It's a sweaty gym studio, the music is booming. You're desperately trying to move along to the beat while peddling like mad. But you find it increasingly impossible to synchronize to the music and end up trailing behind or stopping altogether. While you may blame your coordination, it could actually be the music that is the issue.
Most of us assume it’s empowering to put on music with a fast beat per minute (bpm). Internet listicles of the best workout songs are filled with tracks that reach very high tempos. We are encouraged to listen to 180 bpm for CrossFit and 170 bpm for Zumba—but none of this is based on scientific evidence.
Instead, a wealth of sports psychology tells us that listening to slower music is actually most effective.
The power of music
Hundreds of studies have demonstrated the beneficial power of listening to music while exercising. Research published in the journal Psychology of Sport and Exercise found that music led to a 28 percent increase in enjoyment while another review found it was an effective strategy for managing pain and fatigue.
There are two ways of listening to music during exercise. Asynchronous application is when you put it on in the background but don't consciously match your movements to the beat. This can act as a distraction, and during easy and moderate intensity workouts, it can help you exercise for longer before feeling tired.
Synchronized application is when we use the music as a pulse or metronome. Studies have shown that setting your workout to a beat can make exercise more efficient, and even reduce oxygen intake by up to seven percent.
The limits of synchronized songs
But getting synchronization right is harder than it might sound. During an intense workout the tendency is to put on fast-tempo music with a high bpm. The logic we tell ourselves is that if we can keep moving along with the beat, our workout will be better.
However, research tells us that the harder we're working, the harder it is to process a complex piece of music, particularly if it's fast.

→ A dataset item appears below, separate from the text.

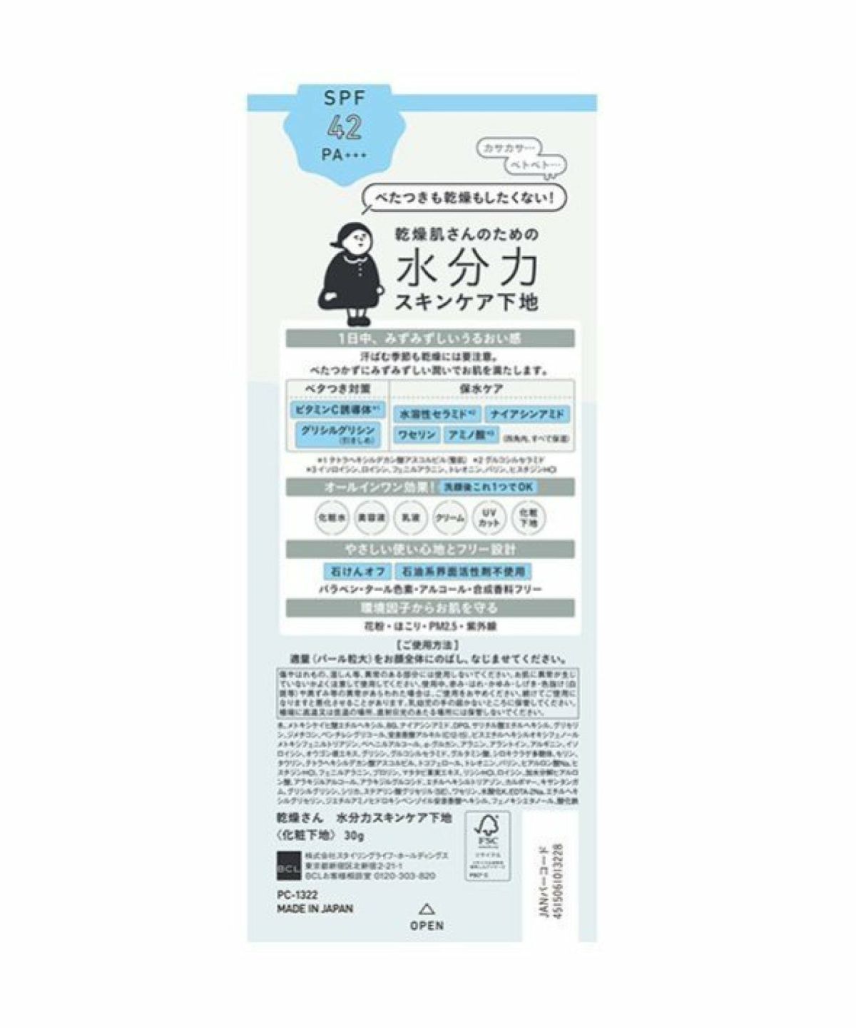 ROU 他の画像を見る スキンケア下地、カサつきを抑えてしっとりふっくらとした肌をキープ 乾燥さん KANSOSAN 水分力スキンケア下地 30g【BCLカンパニー】 ¥ 1,430 税込 カートに入れる お気に入りに登録する

For example, many people try to reach 180 strides per minute during a fast running session because it's thought to be the optimal cadence. This would mean listening to tunes with 180 bpm. "That's not within most people's listening repertoire. It's too fast, and for most people, 180 is quite intense and it's very hard to maintain synchronicity," says sport psychology professor Costas Karageorghis, who has been studying the impact of music on exercise for more than two decades.
Instead Karageorghis recommends running to a half beat. "Find a track that's 90 beats per minute. That will probably be in a lot more people's listening playlist because that's the bpm of a lot of rap and urban music," he says.

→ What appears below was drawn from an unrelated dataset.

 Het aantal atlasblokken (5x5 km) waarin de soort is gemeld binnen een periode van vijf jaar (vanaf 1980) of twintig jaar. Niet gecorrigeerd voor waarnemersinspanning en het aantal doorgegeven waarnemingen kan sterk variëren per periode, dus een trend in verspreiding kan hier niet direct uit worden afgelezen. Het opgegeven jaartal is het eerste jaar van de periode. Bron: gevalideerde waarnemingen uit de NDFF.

The trick is to use the slower beat to match every other movement. For example, while running, you can take a stride cycle—two steps—for every one beat. The same method can be used for all sorts of synchronized activities like spinning, rowing, and even HIIT training.
But just be aware that when you work at very high intensity it may be better to listen to nothing at all. "Research suggests that music has no effect at very, very high intensities," says exercise psychologist Leighton Jones, PhD. "You're simply working too hard, and your body is screaming too loud; it can only listen to that noise from your body."
The asynchronous sweet spot
If you're just looking for background inspiration, there is actually a limited range of effectiveness for tempo with asynchronous music. No matter the intensity of exercise, studies have shown that people are able to reach their “flow state” when listening to music between 120 and 140 bpm. But there are also positive psychological outcomes from music as slow as 100 bpm.
"What we suggest is to avoid anything below 100 bpm when you're working really hard and avoid anything over 140 bpm when you're taking it easy," says Dr. Jones. Apps like Muze can be a handy way to create a playlist at the exact tempo you’re looking for.